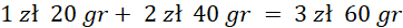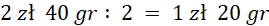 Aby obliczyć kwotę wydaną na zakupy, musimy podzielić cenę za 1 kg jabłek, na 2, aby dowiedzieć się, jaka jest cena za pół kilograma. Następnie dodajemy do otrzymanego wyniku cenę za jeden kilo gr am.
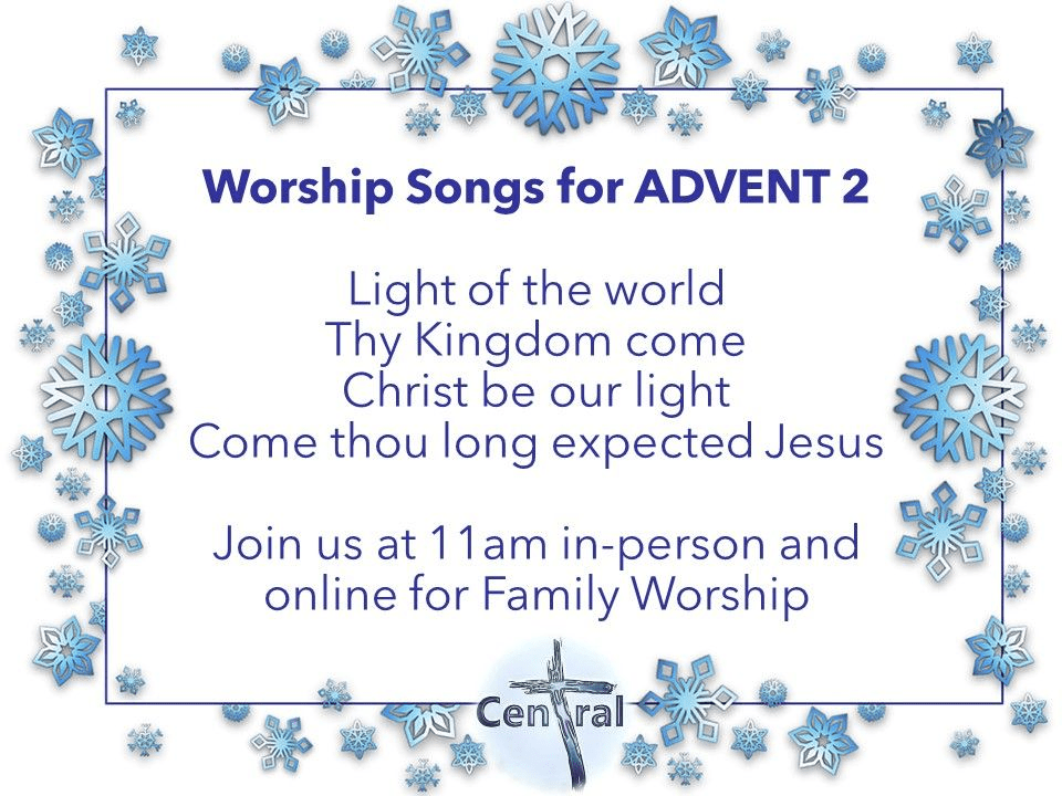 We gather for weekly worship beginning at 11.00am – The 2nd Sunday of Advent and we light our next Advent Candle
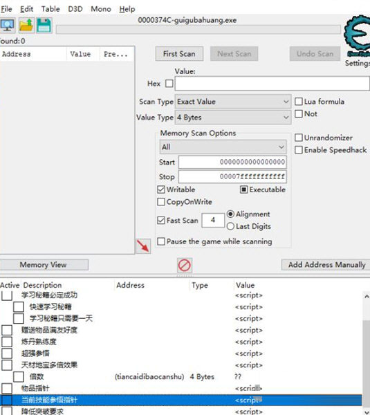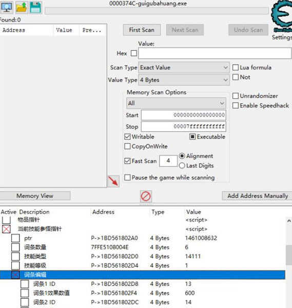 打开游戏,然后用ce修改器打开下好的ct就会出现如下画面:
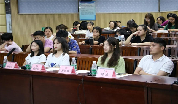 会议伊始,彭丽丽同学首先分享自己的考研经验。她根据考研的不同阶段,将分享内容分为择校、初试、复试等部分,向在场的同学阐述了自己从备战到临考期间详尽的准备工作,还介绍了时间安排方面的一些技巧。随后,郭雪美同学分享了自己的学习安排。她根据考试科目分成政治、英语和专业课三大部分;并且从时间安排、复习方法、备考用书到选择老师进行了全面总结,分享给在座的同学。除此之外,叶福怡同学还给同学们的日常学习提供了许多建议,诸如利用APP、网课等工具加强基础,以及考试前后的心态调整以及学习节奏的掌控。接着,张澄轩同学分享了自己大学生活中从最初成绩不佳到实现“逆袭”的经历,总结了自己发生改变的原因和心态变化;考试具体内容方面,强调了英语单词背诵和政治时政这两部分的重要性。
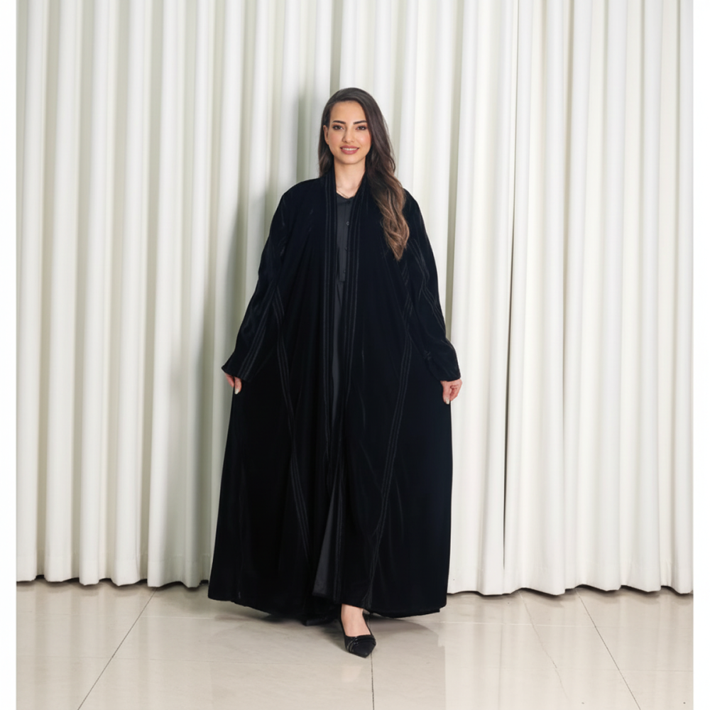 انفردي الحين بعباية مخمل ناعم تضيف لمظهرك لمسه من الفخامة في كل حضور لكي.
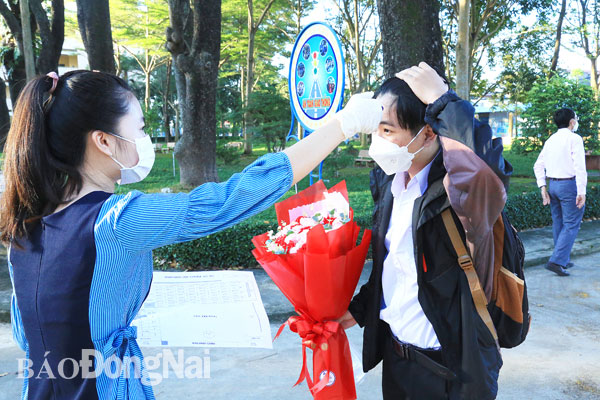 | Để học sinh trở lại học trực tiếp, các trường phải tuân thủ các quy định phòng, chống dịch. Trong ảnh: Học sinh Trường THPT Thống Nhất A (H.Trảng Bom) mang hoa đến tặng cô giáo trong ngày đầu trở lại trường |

* **GOAL OF THE EXERCISE**
The answer must restate each entry word for word and contain no images.

* **WRITTEN RESPONSE**
 Aby obliczyć kwotę wydaną na zakupy, musimy podzielić cenę za 1 kg jabłek, na 2, aby dowiedzieć się, jaka jest cena za pół kilograma. Następnie dodajemy do otrzymanego wyniku cenę za jeden kilo gr am.
 We gather for weekly worship beginning at 11.00am – The 2nd Sunday of Advent and we light our next Advent Candle
 打开游戏,然后用ce修改器打开下好的ct就会出现如下画面:
 会议伊始,彭丽丽同学首先分享自己的考研经验。她根据考研的不同阶段,将分享内容分为择校、初试、复试等部分,向在场的同学阐述了自己从备战到临考期间详尽的准备工作,还介绍了时间安排方面的一些技巧。随后,郭雪美同学分享了自己的学习安排。她根据考试科目分成政治、英语和专业课三大部分;并且从时间安排、复习方法、备考用书到选择老师进行了全面总结,分享给在座的同学。除此之外,叶福怡同学还给同学们的日常学习提供了许多建议,诸如利用APP、网课等工具加强基础,以及考试前后的心态调整以及学习节奏的掌控。接着,张澄轩同学分享了自己大学生活中从最初成绩不佳到实现“逆袭”的经历,总结了自己发生改变的原因和心态变化;考试具体内容方面,强调了英语单词背诵和政治时政这两部分的重要性。
 انفردي الحين بعباية مخمل ناعم تضيف لمظهرك لمسه من الفخامة في كل حضور لكي.
 | Để học sinh trở lại học trực tiếp, các trường phải tuân thủ các quy định phòng, chống dịch. Trong ảnh: Học sinh Trường THPT Thống Nhất A (H.Trảng Bom) mang hoa đến tặng cô giáo trong ngày đầu trở lại trường |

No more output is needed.